B6.Cg-Gt(ROSA)26Sor^{tm1(CAG-PA-GFP)Rmpl}/J

Stock number: 021071
Product name: R26 PA-GFP::NLS
Research areas: Neurobiology Research, Research Tools

Description

These mice conditionally express nuclear enriched photoactivatable GFP (PA-GFP::NLS) and allow broad and strong fluorescent expression in most tissues of the body, and may be useful to rapidly mark and follow selected population of cells in the living animal.

Detailed description

Mice heterozygous for the R26 PA-GFP::NLS allele are viable and fertile. The R26 PA-GFP::NLS allele contains a CAG promoter, loxP-flanked neomycin-β-galactosidase fusion protein (βgeo) with a STOP codon, and a photoactivatable green fluorescent protein (PA-GFP) fused to a nuclear localization signal (NLS). This construct was inserted into the endogenous Gt(ROSA)26Sor locus. In the absence of Cre, PA-GFP expression is prevented by the βgeo sequence. After removal of the loxP-flanked cassette via cre-mediated recombination, PA-GFP is expressed in all cells where Cre recombinase is expressed. PA-GFP::NLS is enriched in the nucleus, but can be also detected in the cytoplasm of neuronal cells. PA-GFP shows very weak fluorescence at 517nm when excited at 488nm before photoactivation. Upon photoactivation with light at ~400nm, PA-GFP is converted into its fluorescent form. This form shows strong emission at 517nm when excited at 488nm and allows the conditional fluorescence labeling of individual, living cells which can be imaged using conventional GFP filter sets.
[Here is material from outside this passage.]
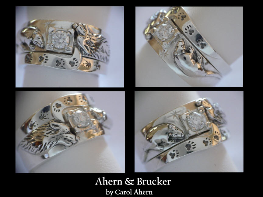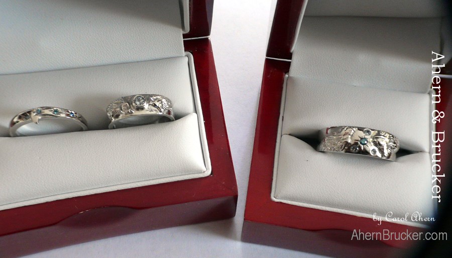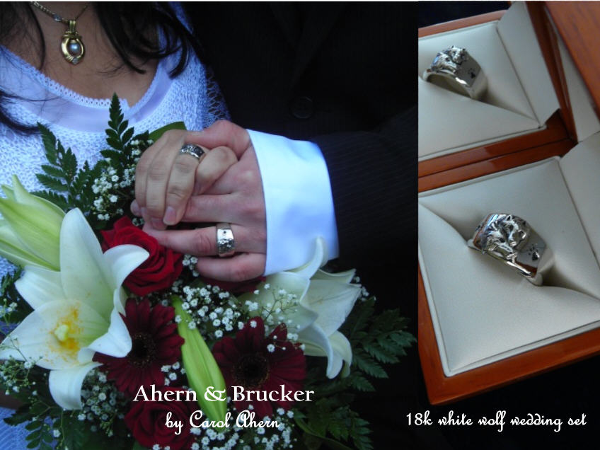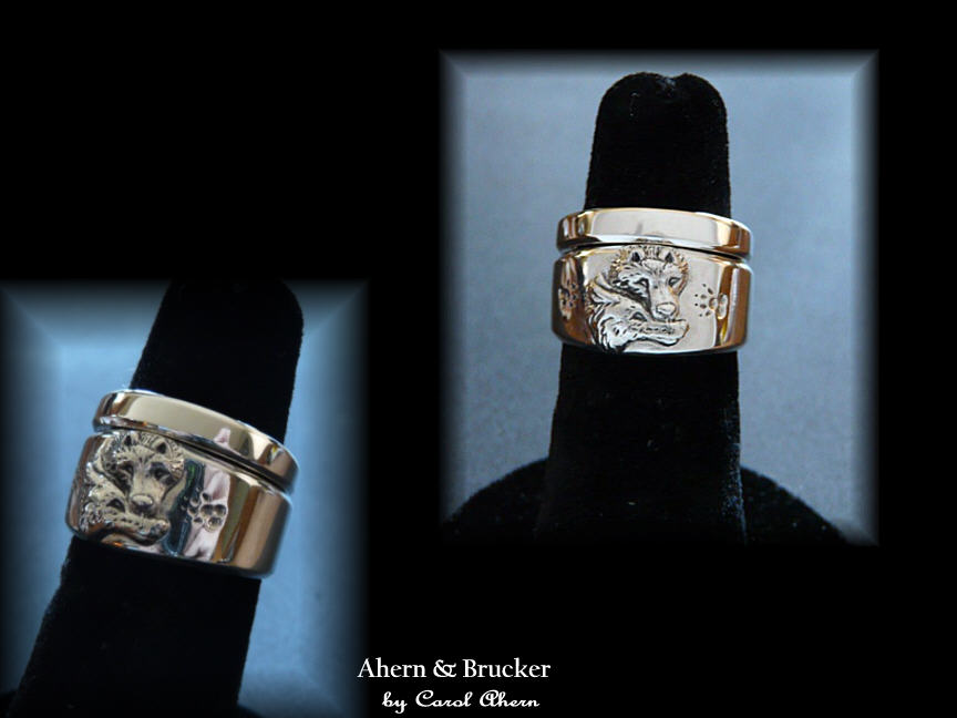 Fine Custom & Limited editions Wedding & Anniversary Rings by Master Goldsmith Carol Ahern Original Wolf wedding rings our growing WOLF WEDDING RING COLLECTION Each ring custom made to order, our original design, a modification to a original design or your own unique design, made by the hands of a Master goldsmith of nearly 40 years. from $250.00 to $20,000

Photoactivation can also be efficiently achieved using 2-photon excitation at ~750nm and imaged after photoconversion using excitation at ~950nm.

Development

The R26 PA-GFP::NLS targeting vector was designed with (from 5' to 3') the CMV-IE enhancer/chicken beta-actin hybrid promoter (CAG; from the pCAGGS vector), a loxP-flanked neomycin-β-galactosidase fusion protein (βgeo) with a STOP codon, a photoactivatable green fluorescent protein (PA-GFP) fused to a nuclear localization signal (NLS), and a woodchuck hepatitis virus post-transcriptional regulatory element (WPRE; to enhance the mRNA transcript stability). This vector was inserted into the Gt(ROSA)26Sor locus and was electroporated into 129P2/OlaHsd;C57BL/6J-derived A9 embryonic stem (ES) cells. Resulting chimeric mice were bred to C57BL6/J mice establish the colony. R26 PA-GFP::NLS mice were bred to C57BL/6J for at least 5 generations. Upon arrival at The Jackson Laboratory, mutant mice were bred to C57BL/6J inbred mice (Stock No. 000664) for at least one generation.

Allele

Symbol: Gt(ROSA)26Sor^{tm1(CAG-PA-GFP)Rmpl}
Name: targeted mutation 1, Simon Rumpel
MGI accession ID: MGI:5449399
Generation method: Targeted
Attributes: Conditional ready (e.g. floxed); Reporter
Marker symbol: Gt(ROSA)26Sor
Marker name: gene trap ROSA 26, Philippe Soriano
Chromosome: 6
Strain of origin: (C57BL/6 x 129P2/OlaHsd)F1
Expressed genes: GFP,Green Fluorescent Protein,
Site of expression: When bred to mice that express Cre recombinase, photoactivatable GFP will be expressed in tissues where promoters driving Cre recombinase are expressed.
Molecular note: The R26 PA-GFP::NLS targeting vector was designed with (from 5' to 3') the CMV-IE enhancer/chicken beta-actin hybrid promoter (CAG; from the pCAGGS vector), a loxP-flanked neomycin-beta-galactosidase fusion protein (betageo) with a STOP codon, a photoactivatable green fluorescent protein (PA-GFP) fused to a nuclear localization signal (NLS), and a woodchuck hepatitis virus post-transcriptional regulatory element (WPRE; to enhance the mRNA transcript stability).
General note: After removal of the loxP-flanked cassette via cre-mediated recombination, PA-GFP is expressed in all cells where Cre recombinase is expressed. PA-GFP::NLS is enriched in the nucleus, but can be also detected in the cytoplasm of neuronal cells. PA-GFP shows very weak fluorescence at 517nm when excited at 488nm before photoactivation. Upon photoactivation with light at ~400nm PA-GFP is converted into its fluorescent form. This form shows strong emission at 517nm when excited at 488nm and allows the conditional fluorescence labeling of individual, living cells which can be imaged using conventional GFP filter sets. Photoactivation can also be efficiently achieved using 2-photon excitation at ~750nm and imaged after photoconversion using excitation at ~950nm.